▸ **Required work**: Set the data down exactly as it stands, and keep its pictures out.

Material provided START

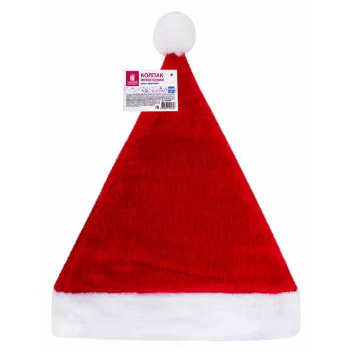 Шапка новогодняя 30х40 см, красная с белым плюшем, ЗОЛОТАЯ СКАЗКА, 592008
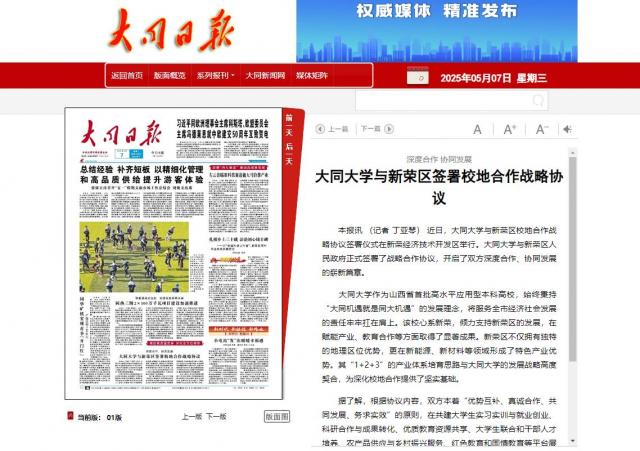本報訊(記者 丁亞琴)近日,大同大學與新榮區校地合作戰略協議簽署儀式在新榮經濟技術開發區舉行。大同大學與新榮區人民政府正式簽署了戰略合作協議,開啟了雙方深度合作、協同發展的嶄新篇章。
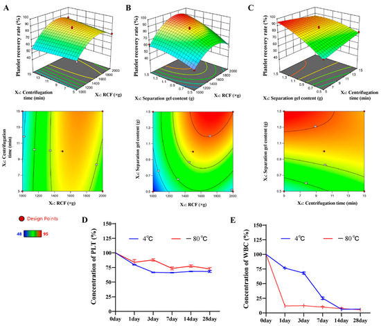 Figure 2. Response surface optimization experiment results and PRP stability analysis. (A) Centrifugation force and time, (B) centrifugation time and serum separation gel addition, (C) centrifugation time and amount of serum separation gel added, (D) change of PLT concentration from 0 to 28 d, (E) change of WBC concentration from 0 to 28 d.
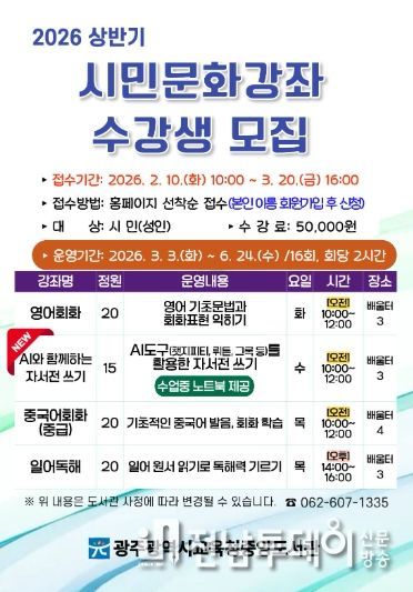 전남투데이 김경민 기자 | 광주광역시교육청중앙도서관은 오는 3월 3일부터 6월 24일까지 도서관 배움터실 등에서 ‘2026년도 상반기 시민문화강좌’를 운영한다.

Material provided END

▸ **Task answer**:
 Шапка новогодняя 30х40 см, красная с белым плюшем, ЗОЛОТАЯ СКАЗКА, 592008
本報訊(記者 丁亞琴)近日,大同大學與新榮區校地合作戰略協議簽署儀式在新榮經濟技術開發區舉行。大同大學與新榮區人民政府正式簽署了戰略合作協議,開啟了雙方深度合作、協同發展的嶄新篇章。
 Figure 2. Response surface optimization experiment results and PRP stability analysis. (A) Centrifugation force and time, (B) centrifugation time and serum separation gel addition, (C) centrifugation time and amount of serum separation gel added, (D) change of PLT concentration from 0 to 28 d, (E) change of WBC concentration from 0 to 28 d.
 전남투데이 김경민 기자 | 광주광역시교육청중앙도서관은 오는 3월 3일부터 6월 24일까지 도서관 배움터실 등에서 ‘2026년도 상반기 시민문화강좌’를 운영한다.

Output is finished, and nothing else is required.